Now tuv(gravity-matter) though still an AFFINE T4 tensor is not a GCT T4(x) tensor.


General relativity breaks, in particular, global T4 symmetry inducing general transformations between locally coincident observers Alice and Bob in arbitrary relative motion including accelerations, jerks et-al to all orders. This is different from simply painting new coordinate labels for a fixed local observer. I will call the latter non-physical "redundant gauge transformations" as distinct from the former physical "local frame transformations." This issue also arises in Yang-Mills internal symmetry field theory with global special relativity for the internal transformations of the electromagnetic, weak and strong forces. "Solved" for special relativity quantum field theory by Faddeev & Popov using Feynman path integrals - very complicated with ghost fields that violate spin-statistics connection in 3D+1 spacetime, i.e. spin zero fermion ghosts. Feynman tried to apply this to GR "quantum gravity" as well, but with a global flat background I think missing all important non-perturbative strong field phenomena.

The special relativity total 4-momentum Pu of any field or set of coupled fields are global integrals of local stress-energy density currents on 3D spacelike surfaces.

Because of causality they are not observables, only the local current densities are.

Total 4-momentum Pu are the Lie algebra "charges" of the 4-parameter global translation subgroup T4 of the 10-parameter global Poincare group that is the universal symmetry group defining 1905 Special Relativity that is a GLOBAL theory, i.e. inertial frames span the entire universe. See Julian Barbour on difficulties with this conception, but that need not concern us here.

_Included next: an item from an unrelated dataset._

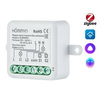 Модуль реле HOMMYN Zigbee 2 канала (с нейтралью) RLZBN02 Двухканальное умное реле позволяет «прокачать» ваши любимые домашние «неумные» двухклавишный...

Carmeli et-al in "Gravitation, L(2,C) Gauge Theory and Conservation Laws" Ch 4 gives historical summary

1. Einstein's local gravity field nonsymmetric non-tensor

2. Landau-Lifshitz's symmetric fix

Both above have the Bauer paradox, i.e. the non-physical repainting of coordinates for the same observer of the Galilean relativity form

x^0' = x^0

x^j' = f^j'(x^j)

ji,j = 1,2,3

change tuv(gravity, matter)

3. Moller's version

4. SL(2,C) local tensor

however none of the above are satisfactory

Note that Carmeli's SL(2,C) is incomplete. He is simply doing Utiyama 1956 local gauging of only 6-parameter Lorentz group. Doing that gives both disclination curvature from dilocation torsion gap - his gauge field. Locally gauging only 4-parameter T4 to GCT T4(x) gives only disclination curvature without torsion (H. Kleinert) This causes confusion in the literature from formalists who do not have the H. Kleinert world crystal lattice physics picture to guide their intuition. Tensors came from crystallography in the first place.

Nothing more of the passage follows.